Requirement:
In the copy, include exactly the lines from the one with "Mason - Contemporary" through the end of the data and no others, both ends kept, with every picture left out.

Provided material:
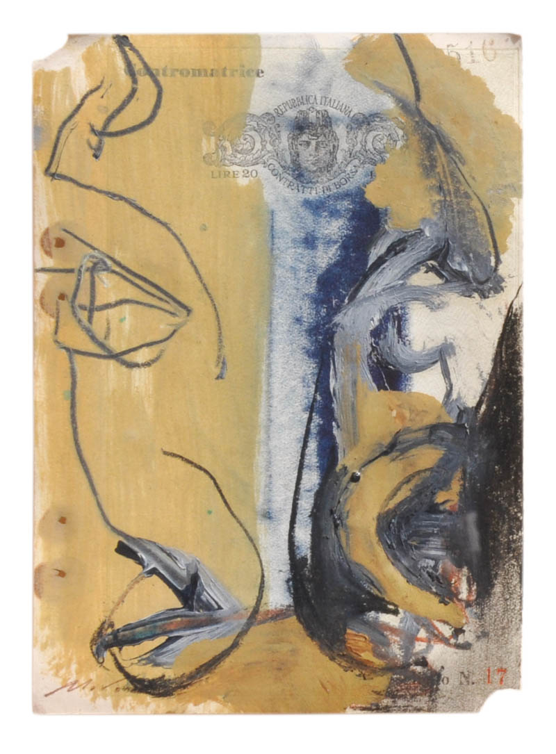 Tecnica mista su carta, 15 x 11 cm, al retro dedica ad personam
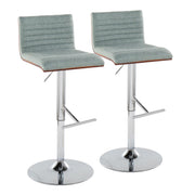 Mason - Contemporary Adjustable Barstool With Swivel With Straight T Footrest (Set of 2) - Chrome / Walnut / Green
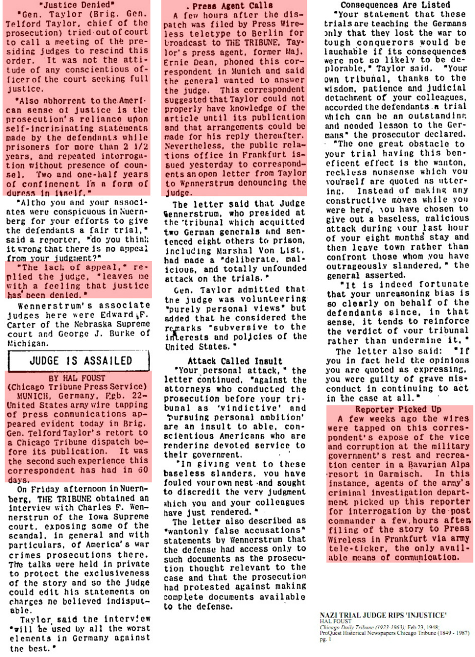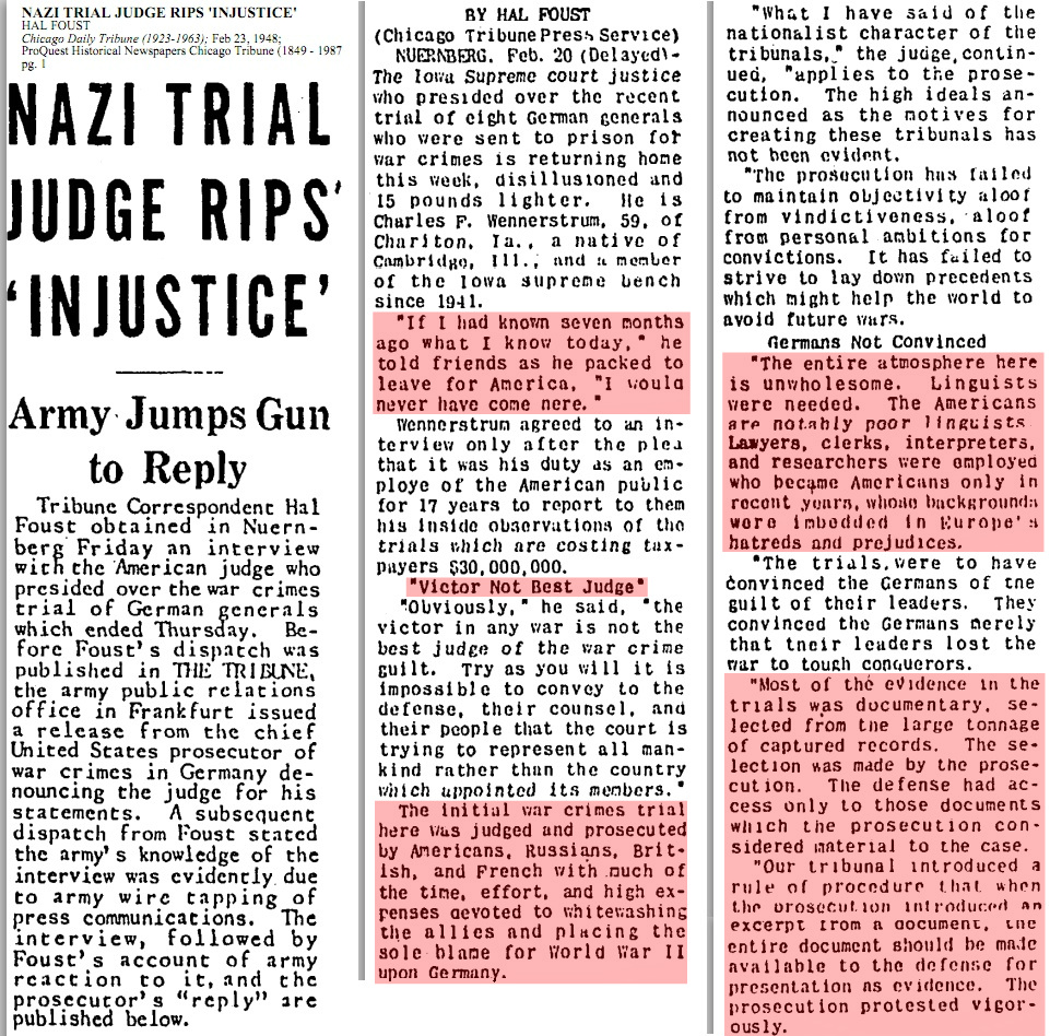 journalist for the Chicago Daily Tribune, who was in Nuremberg covering the trials.

Response area:
 Mason - Contemporary Adjustable Barstool With Swivel With Straight T Footrest (Set of 2) - Chrome / Walnut / Green
 journalist for the Chicago Daily Tribune, who was in Nuremberg covering the trials.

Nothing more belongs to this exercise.